В ярости я брал вазу с цветами – и об пол ее! Осколки стекла, словно осколки шрапнели, разлетались в разные стороны. Вода – тоже выбирала свою геометрию пути. Лишь цветы падали, словно мертвые – кучкой, растеряв лишь несколько своих бледно-розовых лепестков. Буйство мое неожиданным образом на этом заканчивалось.
Глядя на свое «художество», что раскинулось на гладком полу, я затихал, медленно шел к своей кровати. Было в тот момент такое чувство, что кто-то вне помещения грозил мне пальчиком – какой нехороший мальчик!.. И я ложился, укрывался до самого носа одеялом и засыпал.
Утром! Я вновь бросался в ноги пришедшей нянечки. С покрасневшими глазами от слез проговаривала она:
– Ну, что я могу, касатик мой!
– Неужели это так сложно? Всего лишь, ну, я не знаю, салфетку какую-нибудь. Кусочек графита, ну…
В ответ она только тяжело вдыхала.
На полу чистота, кругом привычный идеальный порядок. И ваза с маргаритками на столе, как обычно. Уже, наверное, и не было ничего такого крамольного, из ряда вон хулиганского с моей стороны. Сон выдал свои причуды – только такая приходит мысль. Тем более в моем-то состоянии иногда ночь – не ночь, а день переходит в день. Многое стало в моей памяти «крошиться». Что ж, я согласен с постановкой своего вопроса и с его очевидным ответом: «Я болен!»
А теперь главное, дорогая! Если я пишу эти строки, а они осязаемы в некотором роде, наполнены словами, как бывают наполнены коробочки маковые семенами, это значит, что-то случилось, что-то произошло.

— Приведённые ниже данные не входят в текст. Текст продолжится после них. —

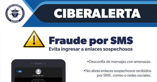 Morelia, Michoacán, 14 de octubre de 2025.- Agentes de la Secretaría de Seguridad Pública (SSP), detectaron a través de labores de cibervigilancia mensajes de texto que contienen enlaces sospechosos frecuentemente utilizados para robar tu información personal.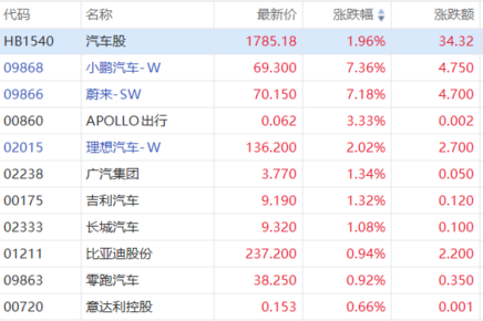隔夜美股汽车股走高,港股汽车产业链早盘回暖。截至发稿,小鹏汽车、蔚来涨超7%;理想汽车涨超3%,广汽集团、吉利汽车、长城汽车涨超1%,比亚迪股份小幅上涨。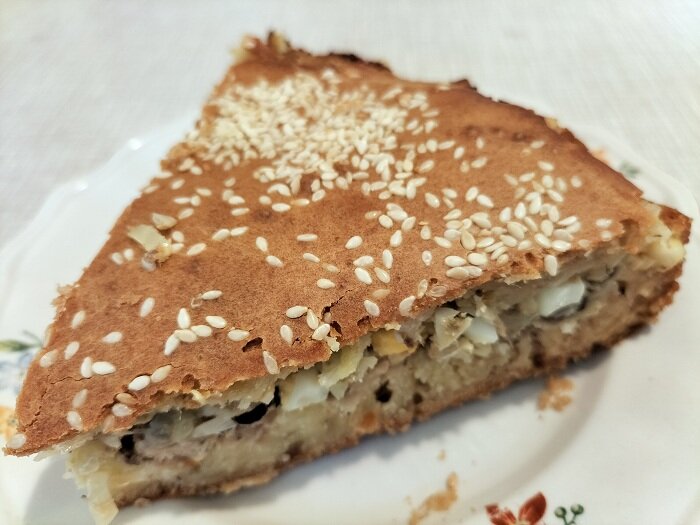 3. Формируем пирог. Заранее разогрейте духовку до 210-220 градусов. В смазанную форму вылейте 2/3 теста, равномерно распределите, затем добавьте начинку, и завершите оставшимся тестом. Для украшения можно посыпать кунжутом.
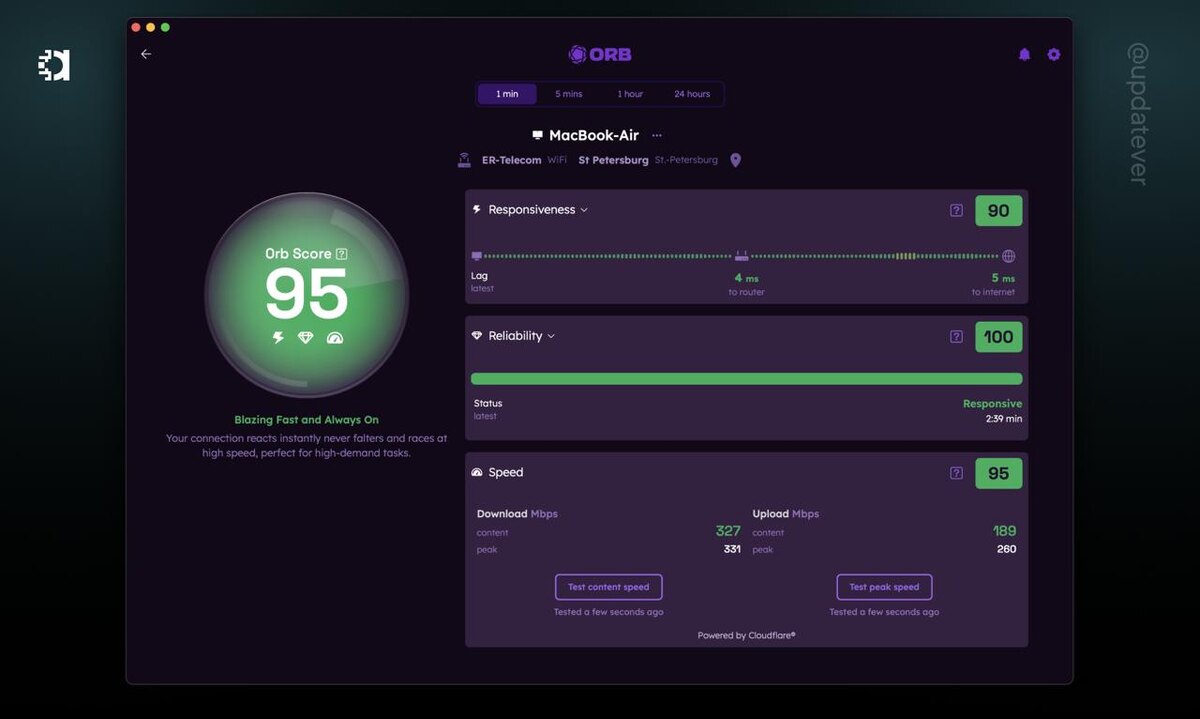 π¨ΠΠΎΠ²ΡΠΉ SpeedTest ΠΡΠ²ΡΠΈΠΉ Π³Π΅Π½Π΄ΠΈΡΠ΅ΠΊΡΠΎΡ Ookla ΠΎΠ±ΡΡΠ²ΠΈΠ» ΠΎ Π·Π°ΠΏΡΡΠΊΠ΅ Π½ΠΎΠ²ΠΎΠ³ΠΎ ΠΏΡΠΈΠ»ΠΎΠΆΠ΅Π½ΠΈΡ Orb Π΄Π»Ρ ΠΈΠ·ΠΌΠ΅ΡΠ΅Π½ΠΈΡ ΡΠΊΠΎΡΠΎΡΡΠΈ ΠΈΠ½ΡΠ΅ΡΠ½Π΅Ρ-ΠΏΠΎΠ΄ΠΊΠ»ΡΡΠ΅Π½ΠΈΡ. ΠΡΠΈΠ»ΠΎΠΆΠ΅Π½ΠΈΠ΅ Π²ΡΠ²Π΅Π΄Π΅Ρ ΡΠ΅ΠΉΡΠΈΠ½Π³ ΠΎΡ 1 Π΄ΠΎ 100 ΠΏΠΎ ΡΠ°Π·Π½ΡΠΌ ΠΏΠ°ΡΠ°ΠΌΠ΅ΡΡΠ°ΠΌ. ΠΠΎΡΡΡΠΏΠ½ΠΎ Π½Π° iOS, Android, Windows, macOS ΠΈ Linux. β‘οΈ ΠΠΎΠ΄ΠΏΠΈΡΠ°ΡΡΡΡ.

Ведь не по воздуху же я вожу воображаемым пером и там, в виде дымовых колечек, рождаются мои письма к тебе. Нет, разумеется, нет! Просто случилось чудо обыкновенное, но самое лучшее за всю мою жизнь.
Я задремал. Лучи солнца, будто пьяные, разгулялись слишком вольно по комнате и нагнали на меня сон. А когда проснулся, сладко зевая, то увидел небольшую стопку бумаг и карандаш на тумбочке. И теперь я здесь – с тобою! Бумага шелестит под рукой, края ее чуть приподнимаются. И бежит вольно, словно ветер сирокко в пустыне, мой карандашик. Наконец я начал писать письма к тебе – моя любимая! Беленочек!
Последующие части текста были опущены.